◆ EXERCISE DESCRIPTION
With every picture left out, restate the listing below exactly as written.

◆ GIVEN MATERIAL
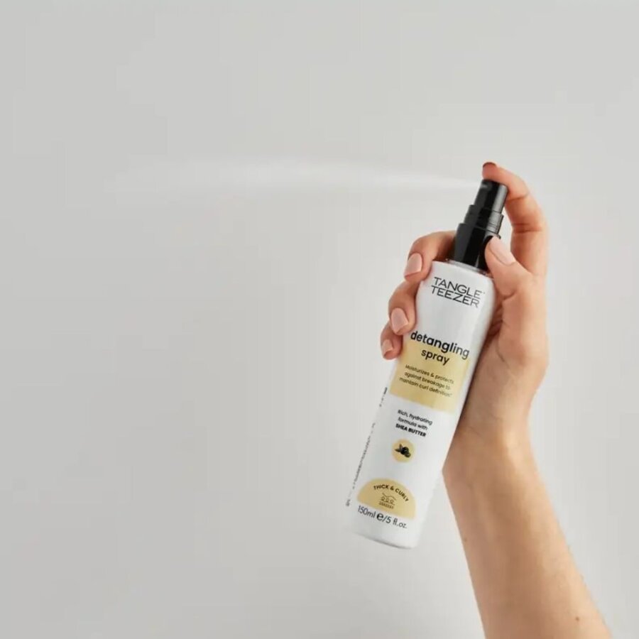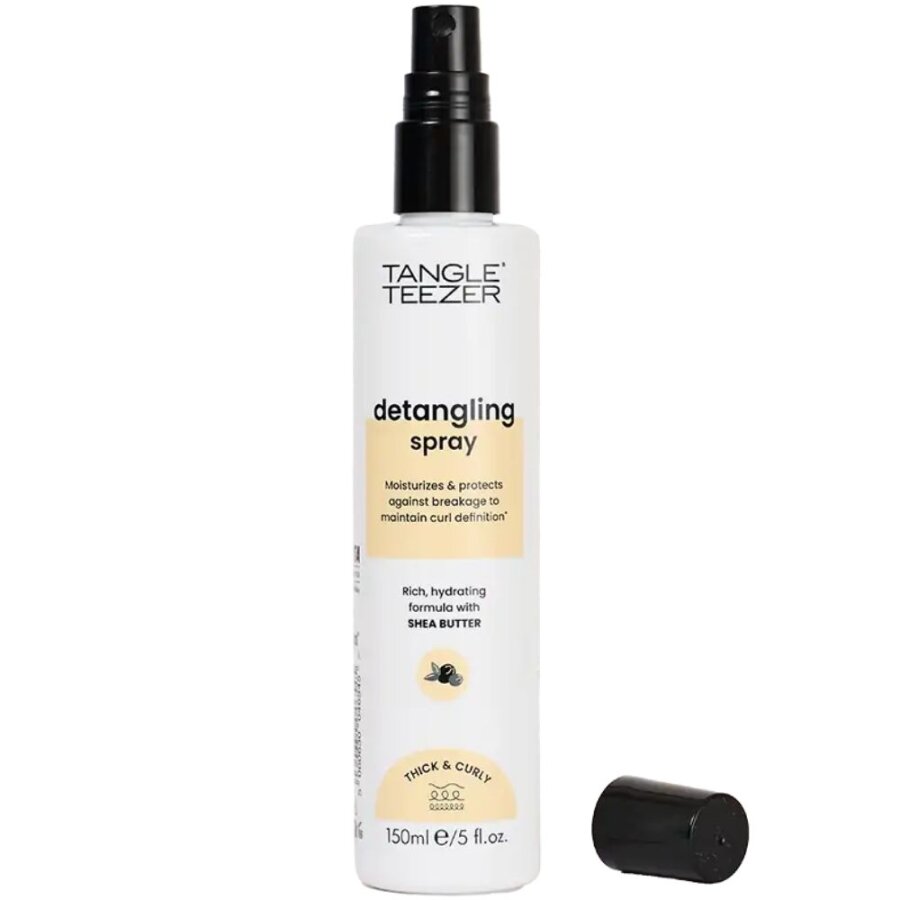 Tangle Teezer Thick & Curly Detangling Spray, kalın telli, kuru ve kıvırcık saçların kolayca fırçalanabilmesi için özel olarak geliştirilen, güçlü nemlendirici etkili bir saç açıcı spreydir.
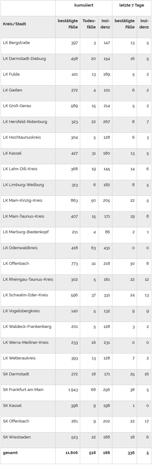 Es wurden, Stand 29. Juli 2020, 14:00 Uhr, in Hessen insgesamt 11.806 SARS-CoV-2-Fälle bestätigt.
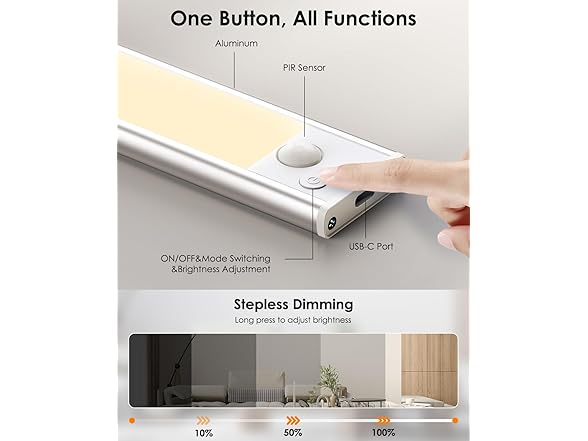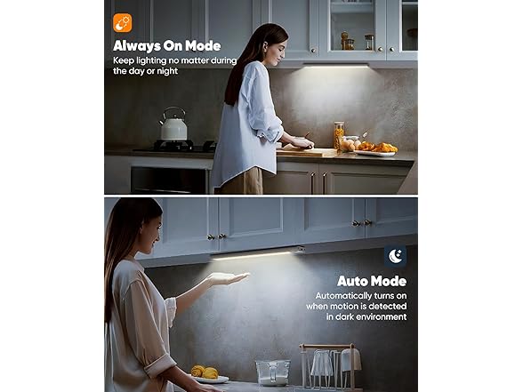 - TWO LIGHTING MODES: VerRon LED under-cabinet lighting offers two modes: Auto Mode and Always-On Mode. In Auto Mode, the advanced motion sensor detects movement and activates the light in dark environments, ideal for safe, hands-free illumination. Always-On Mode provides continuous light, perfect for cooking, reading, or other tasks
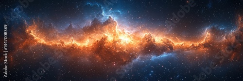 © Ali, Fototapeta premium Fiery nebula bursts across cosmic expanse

◆ WRITTEN RESPONSE
 Tangle Teezer Thick & Curly Detangling Spray, kalın telli, kuru ve kıvırcık saçların kolayca fırçalanabilmesi için özel olarak geliştirilen, güçlü nemlendirici etkili bir saç açıcı spreydir.
 Es wurden, Stand 29. Juli 2020, 14:00 Uhr, in Hessen insgesamt 11.806 SARS-CoV-2-Fälle bestätigt.
 - TWO LIGHTING MODES: VerRon LED under-cabinet lighting offers two modes: Auto Mode and Always-On Mode. In Auto Mode, the advanced motion sensor detects movement and activates the light in dark environments, ideal for safe, hands-free illumination. Always-On Mode provides continuous light, perfect for cooking, reading, or other tasks
 © Ali, Fototapeta premium Fiery nebula bursts across cosmic expanse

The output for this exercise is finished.